YES…..but not in the traditional sense. Let me explain:
Most people expect that sales simply stopped coming in after the economic downturn, this hasn’t been true even though House Of Rave sells things people buy only on disposable income. In fact, if you never told me there was a “recession” going on, I probably wouldn’t have noticed too much….people still order all the time (although I’ve seen a very significant drop in big orders from large corporations).
The MAIN problem I’ve had which takes a DIRECT shot at lowering my sales is all the cool products are out of stock. Almost all of my previous best sellers are no longer being manufactured.

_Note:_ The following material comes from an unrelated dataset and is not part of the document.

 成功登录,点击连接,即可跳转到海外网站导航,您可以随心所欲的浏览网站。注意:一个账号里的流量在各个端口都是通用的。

HouseOfRave sells “hard to find” and “unique” products….which often means “they don’t sell it in big stores”. This has been great so far, but a problem I’m seeing now is manufacturers are on tight budgets and don’t have the capital required to mass produce slower selling items. I may be able to sell 10 per day of an item, but a manufacturer might need to sell 10,000 of them per day to keep cash flow moving.

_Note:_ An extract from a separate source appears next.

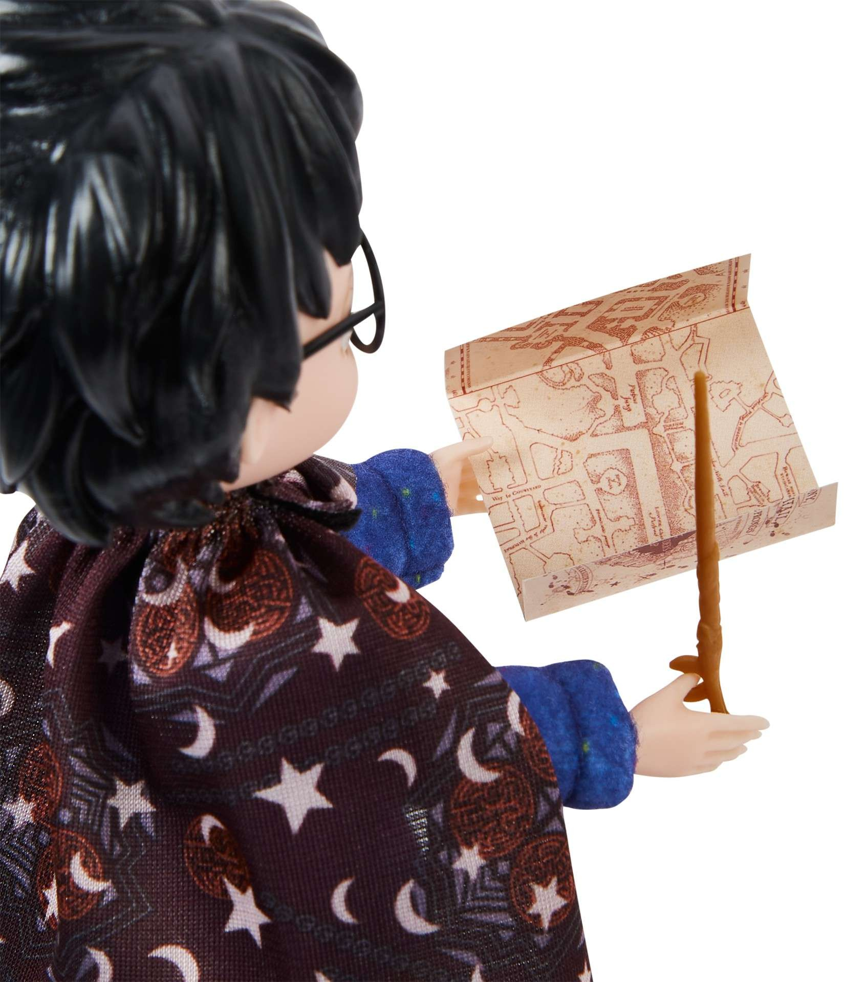 Harry Potter ma czarne, plastikowe włosy i zielone oczy. Ubrany jest w granatowy sweter z literką "H", brązowe spodnie oraz czarne buty. Dodatkowo w zestawie znajduje się peleryna niewidka i koszula w kratę. Lalka posiada wiele punktów artykulacji, dzięki czemu można ustawić ją w różnych pozach. Ma ok. 20 cm wysokości.

….so unless an item can move HUGE quantities quick, the product might be discontinued.
This has been the predominate way that my business has been affected. The cool part is, with more marketing and more effort I’ve been able to maintain and grow both the profit and sales of the business, but it’s required more effort than in the past (keep in mind I used to put NO effort into it at all). Before, I would just slap products on the site and they sold….it doesn’t seem to be quite as easy anymore.
Many smaller manufacturers and product patent holders are going out of business now. Think about it, to manufacture just ONE simple product you must spend hundreds of thousands of dollars for materials and labor, store them, then find people to buy them. Before you make even one CENT from the product, you could blow through a half-million dollars on credit. If the product is a flop (note the importance of beforehand PRODUCT RESEARCH) you’re screwed…..and I’m just using the example of small-scale manufacturing of novelty products.
While my business doesn’t have the extreme overhead of these manufacturers, I feel their pain indirectly when a cool product of theirs goes out of stock.